Historically do you think factors such as travel, facilities etc would have played more than a part than currently?
Yes, what’s less specific than before is the pitches and the grounds. Some teams had very difficult home grounds to play at – the dressing rooms are not the same, you spent a long time travelling and so on.
That has all changed now, the quality of the pitches is nearly the same everywhere, so you don’t feel as much that the grounds are different.
First of all the sizes of the pitches are the same everywhere, which was never the case before. That has levelled it out as well, so there are a few things that have gone in favour of the away team, which were more supportive of the home team before.
The decisive factor is still the crowd, but you could say that people have understood that for a long time. That’s why supporters travel to games away from home too, to give a chance to their team. That’s pragmatic, but it is real. Also the home support is there and sings, because they have an influence in the game.
Do some players seem to prefer home games, or have better records away? Do you think some players are more suited to playing 'away football'?
You could say it’s linked more to bravery, your character is more tested away from home. At home you feel the players are a bit more protected.
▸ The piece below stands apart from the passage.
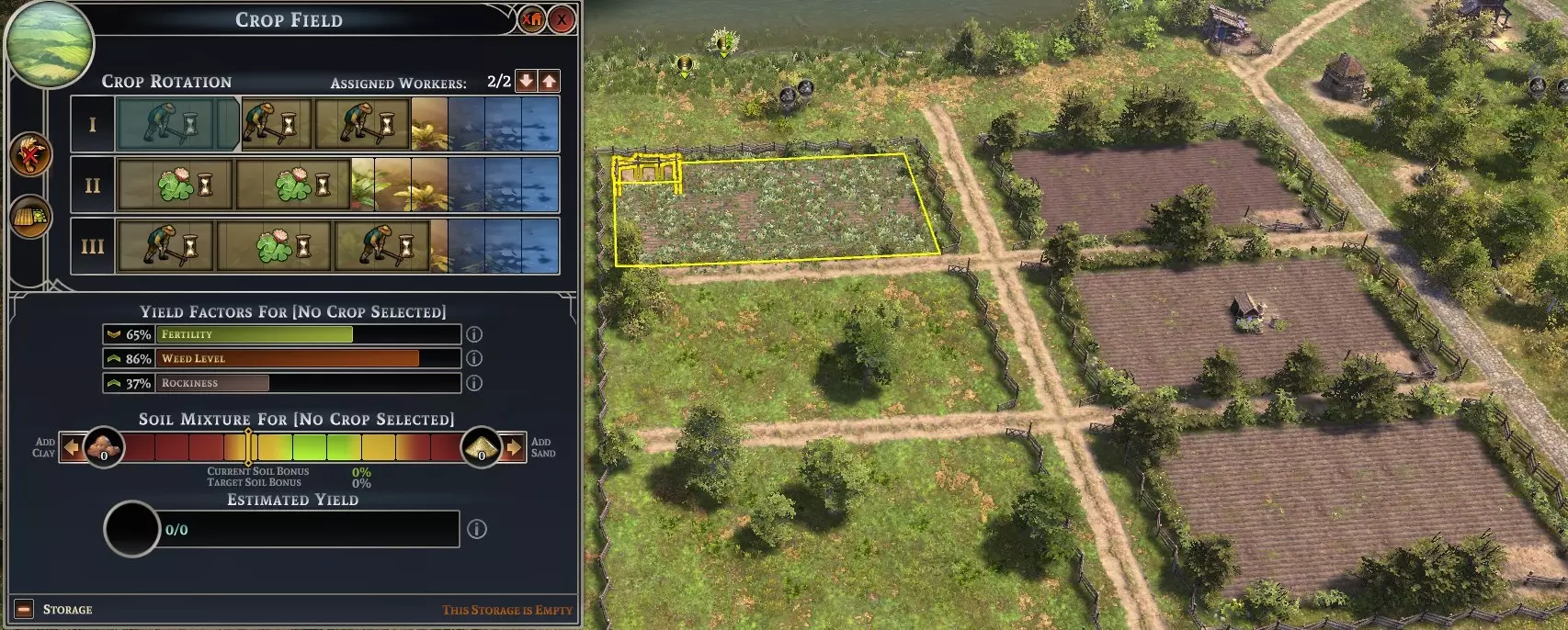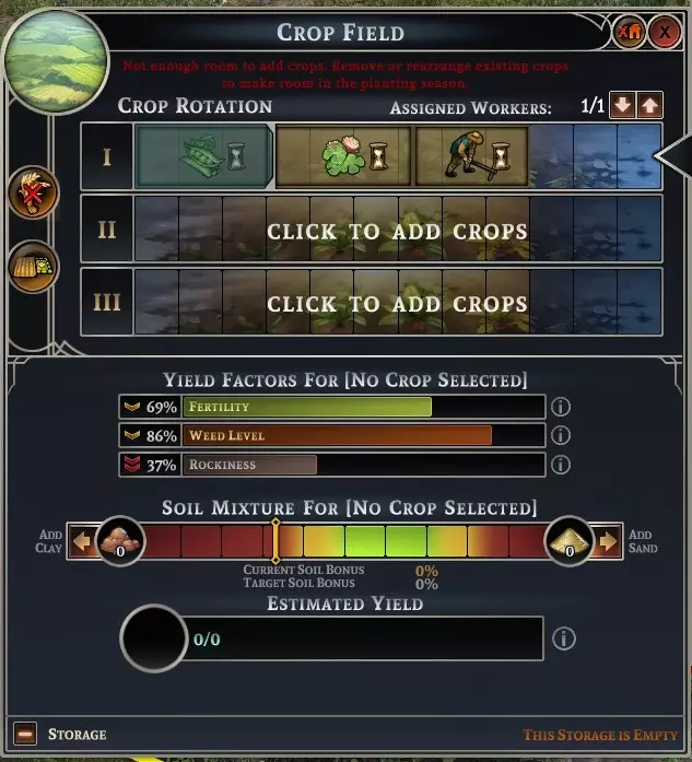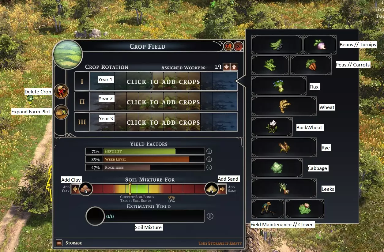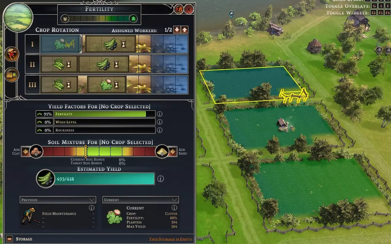 看到那些杂草和石头了吗?使用【耕地】维护选项可以降低这两项负面指标。如果你的猎人、渔民和采集小屋能提供足够的食物产出,我建议在最初的两三年种植三叶草并进行耕地,这样能大幅减少杂草和石头,从而提高产量。

But what I say to my scouts is ‘watch this player for me, but watch him in an away game.’ You want to know how he behaves away from home because usually at home you will be all right. If a scout comes to me and says he has found a good player, I ask where he saw him.
"We have won at Real Madrid, we have won at Bayern, we have won in Milan, that shows we shouldn’t be scared"
If it was at home, I tell them to go and watch them away as well because it’s a better test of their character, their bravery and their desire. Once a player is good away from home, you can say you will consider him.
Is the difference between home and away games more pronounced lower down the football ladder?
Spontaneously I would agree with that, because most of the time in lower leagues the security is not as tight, the crowd are closer to the pitch and can influence the game more.
Also the quality of the pitches is not always the same, so all these kinds of protections we have in the Premier League don’t exist lower down.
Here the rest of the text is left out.